Climat : le scepticisme est bien vivant !

par Guillermo GM, étudiant en physique à l’Université Catholique de Louvain

En août 2020, un climatologue belge affirma ceci : « Je crois que les climatosceptiques sont plutôt une espèce en voie de disparition, et heureusement » [1]. Que nenni ! Une étude parue en décembre 2021 par Ipsos et pour l’Électricité de France (EDF) permet précisément de démentir cette affirmation. En réalité, les sceptiques du changement climatique d’origine humaine, en plus de couvrir près d’un tiers de la population mondiale, sont une espèce qui soit stagne, soit s’étend, mais qui n’est certainement pas en voie de disparition. Cet article le démontre en détail.
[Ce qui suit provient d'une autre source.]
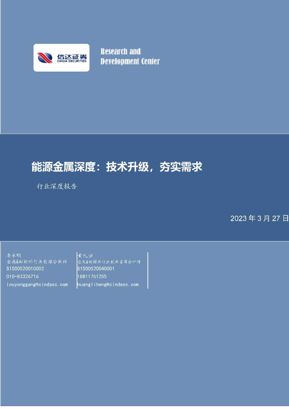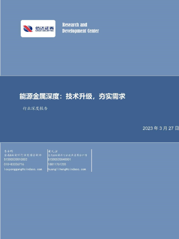 【信达证券】【20230327】能源金属行业深度:技术升级,夯实需求-25页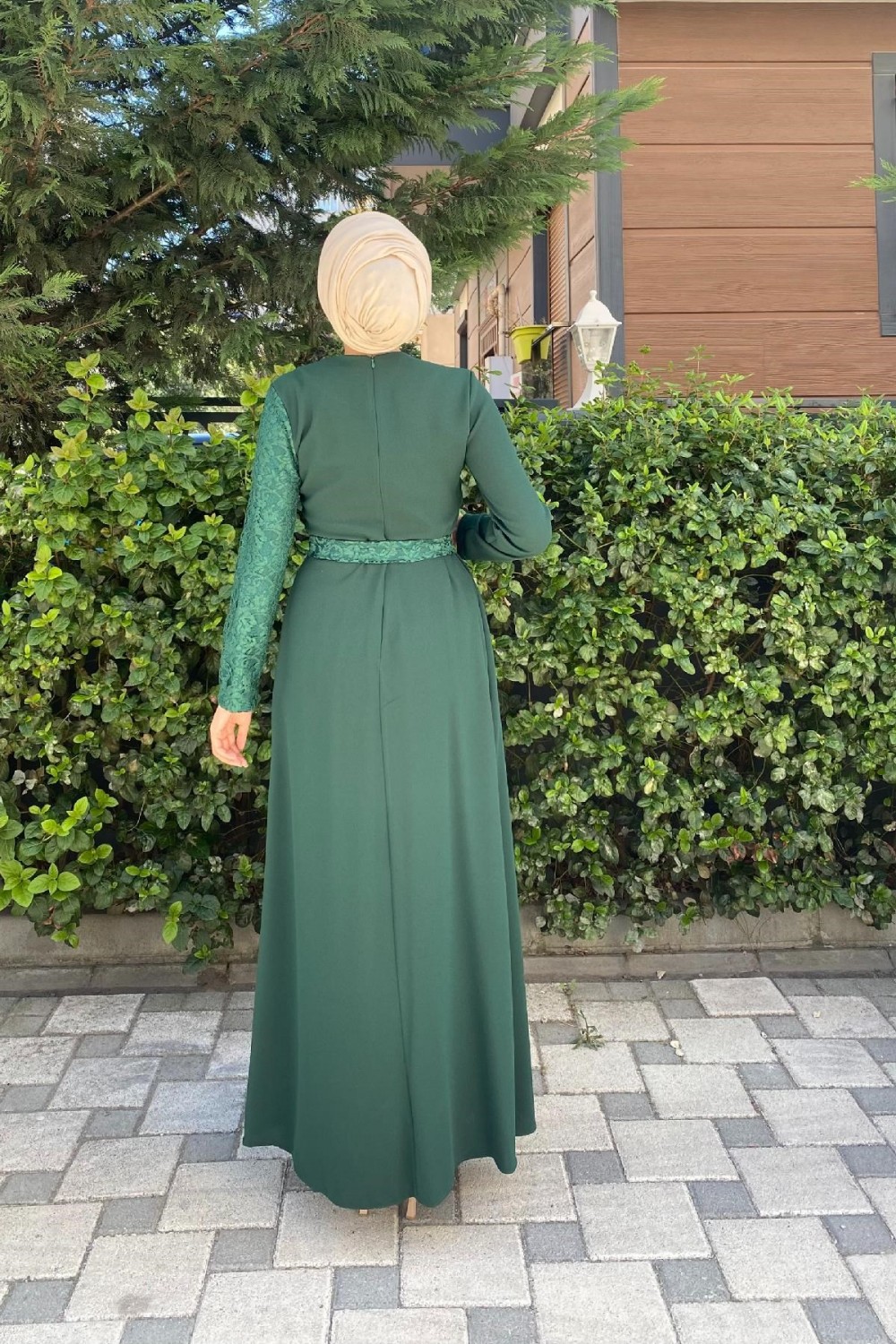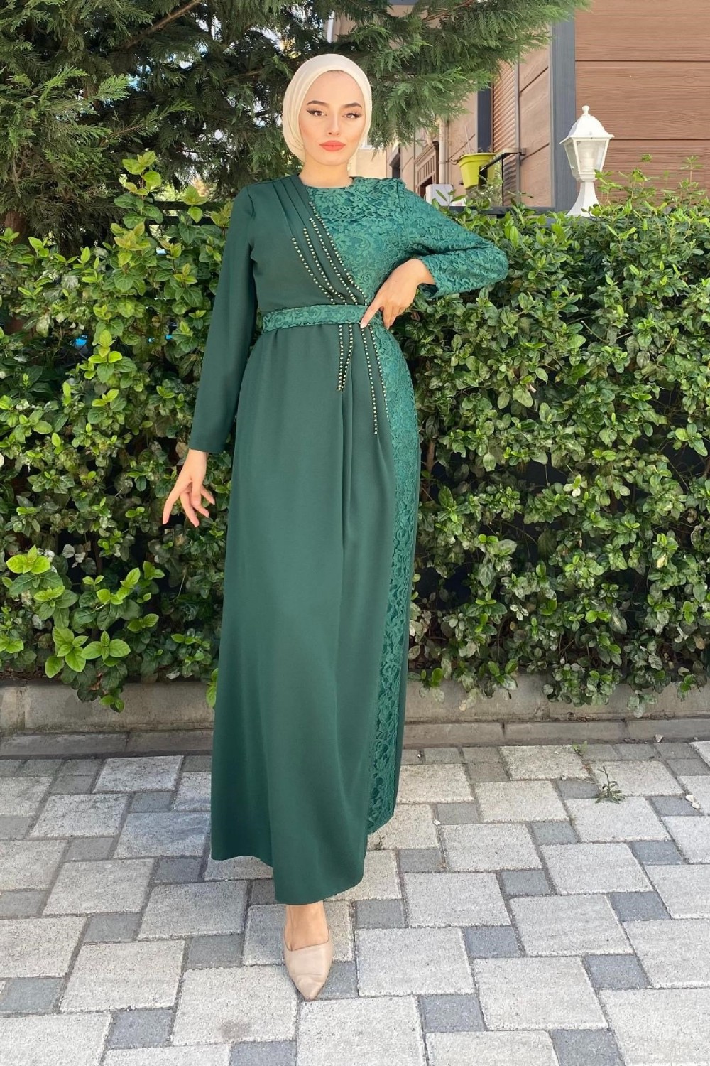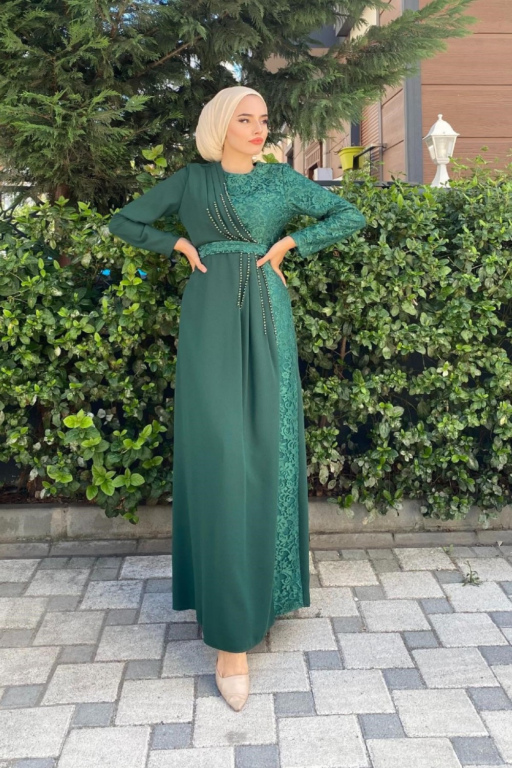 Gögsü İşlemeli Dantel Abiye Yeşil

  1. Méthodologie du sondage [2]

L’enquête intitulée Obs’COP 2021 (pour Observatoire International Climat et Opinions Publiques 2021) réalisée par Ipsos et commandée par EDF concerne 30 pays des 5 continents. Selon EDF, la sélection des pays est principalement fondée « sur la base de leurs émissions en CO2 en tonnes par an, mais aussi en tenant compte de leur localisation géographique ou de leur valeur d’exemplarité dans la lutte contre le réchauffement climatique ». Un échantillon total de 24 000 individus est ainsi formé. Ce dernier est composé de 30 échantillons représentatifs de la population âgée de 16 ans et plus dans chaque pays. En outre, la représentativité a été assurée selon la méthode des quotas. Les quotas utilisés sont le sexe, l’âge, la région, la profession ou la catégorie sociale ainsi que la taille d’agglomération. 500 ou 1 000 individus ont été interrogés dans chaque pays. Notons également que le sondage ne comporte malheureusement pas de marge d’erreur. Enfin, un point particulièrement intéressant est que le sondage a été réalisé par Internet (PC, tablette ou mobile) entre le 30 août et le 21 septembre 2021. Autrement dit, au moment où les sondés européens ont participé au sondage, ils étaient déjà informés des catastrophiques inondations de mi-juillet. Dans le cadre de notre analyse sur le scepticisme climatique, nous nous limiterons à la fois au cas de la Belgique et du monde entier.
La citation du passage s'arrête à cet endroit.